◆ **Problem**
In the material below, find the line that contains "而在小红书上,也有用户反馈,2016年几" and the line that contains "White crop baby", then write out exactly those two lines and everything between them.
'''
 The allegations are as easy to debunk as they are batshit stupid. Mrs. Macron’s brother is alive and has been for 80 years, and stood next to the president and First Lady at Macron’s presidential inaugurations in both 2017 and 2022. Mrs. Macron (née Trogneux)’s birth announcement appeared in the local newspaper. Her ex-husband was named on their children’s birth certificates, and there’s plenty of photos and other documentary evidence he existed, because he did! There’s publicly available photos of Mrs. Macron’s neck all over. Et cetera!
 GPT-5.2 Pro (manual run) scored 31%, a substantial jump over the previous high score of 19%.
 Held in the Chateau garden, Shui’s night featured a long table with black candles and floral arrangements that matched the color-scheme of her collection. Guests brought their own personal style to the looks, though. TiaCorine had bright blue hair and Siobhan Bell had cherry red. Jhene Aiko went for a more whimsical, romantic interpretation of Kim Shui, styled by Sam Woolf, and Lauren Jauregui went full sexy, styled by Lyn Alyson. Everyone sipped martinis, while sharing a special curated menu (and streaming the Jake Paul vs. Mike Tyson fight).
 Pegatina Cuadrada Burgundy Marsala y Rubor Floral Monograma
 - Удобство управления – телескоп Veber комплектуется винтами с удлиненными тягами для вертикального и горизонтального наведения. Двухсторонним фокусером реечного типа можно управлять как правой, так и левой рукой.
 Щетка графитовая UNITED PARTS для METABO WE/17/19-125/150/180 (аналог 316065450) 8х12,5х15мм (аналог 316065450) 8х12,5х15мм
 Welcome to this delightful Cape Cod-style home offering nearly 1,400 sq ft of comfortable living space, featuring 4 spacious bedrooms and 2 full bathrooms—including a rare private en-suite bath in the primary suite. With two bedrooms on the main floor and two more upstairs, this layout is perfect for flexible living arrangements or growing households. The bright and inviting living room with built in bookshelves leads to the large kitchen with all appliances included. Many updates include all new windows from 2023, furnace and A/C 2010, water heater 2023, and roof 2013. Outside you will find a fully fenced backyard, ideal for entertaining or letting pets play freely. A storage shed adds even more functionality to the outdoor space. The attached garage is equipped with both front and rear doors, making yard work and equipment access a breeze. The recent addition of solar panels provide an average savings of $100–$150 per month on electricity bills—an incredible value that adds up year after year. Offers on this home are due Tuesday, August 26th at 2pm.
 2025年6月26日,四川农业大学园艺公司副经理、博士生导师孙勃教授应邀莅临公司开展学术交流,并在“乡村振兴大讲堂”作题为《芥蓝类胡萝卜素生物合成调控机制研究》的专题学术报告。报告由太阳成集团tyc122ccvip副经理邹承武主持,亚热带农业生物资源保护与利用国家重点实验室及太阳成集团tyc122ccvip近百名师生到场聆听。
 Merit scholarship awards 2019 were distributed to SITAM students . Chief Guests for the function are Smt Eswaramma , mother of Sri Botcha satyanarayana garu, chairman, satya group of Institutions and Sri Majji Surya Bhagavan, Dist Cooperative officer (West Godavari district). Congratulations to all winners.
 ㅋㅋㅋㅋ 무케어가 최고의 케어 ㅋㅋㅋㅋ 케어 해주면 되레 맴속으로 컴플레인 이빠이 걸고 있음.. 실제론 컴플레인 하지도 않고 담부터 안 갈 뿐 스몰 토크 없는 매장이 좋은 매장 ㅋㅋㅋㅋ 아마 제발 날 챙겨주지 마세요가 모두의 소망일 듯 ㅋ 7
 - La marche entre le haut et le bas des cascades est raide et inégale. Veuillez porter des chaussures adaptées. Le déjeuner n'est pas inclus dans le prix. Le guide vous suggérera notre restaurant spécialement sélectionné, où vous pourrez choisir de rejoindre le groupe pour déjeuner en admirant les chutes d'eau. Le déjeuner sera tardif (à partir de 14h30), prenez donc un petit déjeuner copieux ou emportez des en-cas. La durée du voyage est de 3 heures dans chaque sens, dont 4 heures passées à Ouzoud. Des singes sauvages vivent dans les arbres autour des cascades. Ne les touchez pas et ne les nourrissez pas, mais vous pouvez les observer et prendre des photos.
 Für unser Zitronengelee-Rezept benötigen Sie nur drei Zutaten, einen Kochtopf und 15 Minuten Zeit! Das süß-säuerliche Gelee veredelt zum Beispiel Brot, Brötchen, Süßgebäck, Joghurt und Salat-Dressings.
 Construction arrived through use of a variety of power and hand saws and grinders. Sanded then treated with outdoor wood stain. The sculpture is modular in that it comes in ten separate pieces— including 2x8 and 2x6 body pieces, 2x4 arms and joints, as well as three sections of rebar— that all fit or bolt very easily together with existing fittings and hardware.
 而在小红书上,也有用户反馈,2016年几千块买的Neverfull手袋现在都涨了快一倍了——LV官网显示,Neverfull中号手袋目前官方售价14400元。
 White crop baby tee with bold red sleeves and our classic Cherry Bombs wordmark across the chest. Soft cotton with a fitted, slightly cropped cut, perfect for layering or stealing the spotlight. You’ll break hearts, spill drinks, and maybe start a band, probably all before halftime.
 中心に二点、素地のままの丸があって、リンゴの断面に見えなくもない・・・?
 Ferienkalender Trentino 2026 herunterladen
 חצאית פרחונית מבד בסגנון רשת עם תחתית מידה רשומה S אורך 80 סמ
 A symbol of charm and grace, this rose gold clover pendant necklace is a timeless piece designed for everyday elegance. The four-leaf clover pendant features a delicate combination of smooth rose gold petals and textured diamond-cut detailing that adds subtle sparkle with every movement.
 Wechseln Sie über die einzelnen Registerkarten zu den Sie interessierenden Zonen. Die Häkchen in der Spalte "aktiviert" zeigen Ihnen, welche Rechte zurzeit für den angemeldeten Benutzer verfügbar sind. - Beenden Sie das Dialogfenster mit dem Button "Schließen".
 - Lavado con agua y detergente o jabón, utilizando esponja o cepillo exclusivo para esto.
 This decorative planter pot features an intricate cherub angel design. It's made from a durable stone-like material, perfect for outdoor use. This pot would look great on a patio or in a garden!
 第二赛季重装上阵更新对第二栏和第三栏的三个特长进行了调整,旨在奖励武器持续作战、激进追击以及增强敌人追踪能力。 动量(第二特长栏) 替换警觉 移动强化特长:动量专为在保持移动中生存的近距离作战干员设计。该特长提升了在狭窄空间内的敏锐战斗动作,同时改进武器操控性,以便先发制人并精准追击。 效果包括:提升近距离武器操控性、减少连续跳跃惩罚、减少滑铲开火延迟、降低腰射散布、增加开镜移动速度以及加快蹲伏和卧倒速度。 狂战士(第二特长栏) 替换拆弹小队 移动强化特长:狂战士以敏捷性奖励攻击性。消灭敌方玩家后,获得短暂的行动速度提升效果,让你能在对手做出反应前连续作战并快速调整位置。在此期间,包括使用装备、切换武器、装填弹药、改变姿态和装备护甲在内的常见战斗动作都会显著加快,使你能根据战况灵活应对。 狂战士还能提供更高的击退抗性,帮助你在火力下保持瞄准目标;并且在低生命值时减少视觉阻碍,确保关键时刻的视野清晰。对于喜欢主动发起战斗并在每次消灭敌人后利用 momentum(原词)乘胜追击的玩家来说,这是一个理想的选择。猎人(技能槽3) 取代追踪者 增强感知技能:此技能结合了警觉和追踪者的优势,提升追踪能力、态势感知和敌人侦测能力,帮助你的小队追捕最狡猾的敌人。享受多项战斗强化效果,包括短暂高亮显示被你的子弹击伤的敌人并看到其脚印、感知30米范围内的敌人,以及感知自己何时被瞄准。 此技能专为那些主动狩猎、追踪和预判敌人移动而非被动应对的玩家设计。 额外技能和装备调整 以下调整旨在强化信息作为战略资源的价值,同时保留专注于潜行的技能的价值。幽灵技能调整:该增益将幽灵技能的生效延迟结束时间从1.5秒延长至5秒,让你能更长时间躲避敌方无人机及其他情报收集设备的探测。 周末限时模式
'''
◆ **Written solution**
 而在小红书上,也有用户反馈,2016年几千块买的Neverfull手袋现在都涨了快一倍了——LV官网显示,Neverfull中号手袋目前官方售价14400元。
 White crop baby tee with bold red sleeves and our classic Cherry Bombs wordmark across the chest. Soft cotton with a fitted, slightly cropped cut, perfect for layering or stealing the spotlight. You’ll break hearts, spill drinks, and maybe start a band, probably all before halftime.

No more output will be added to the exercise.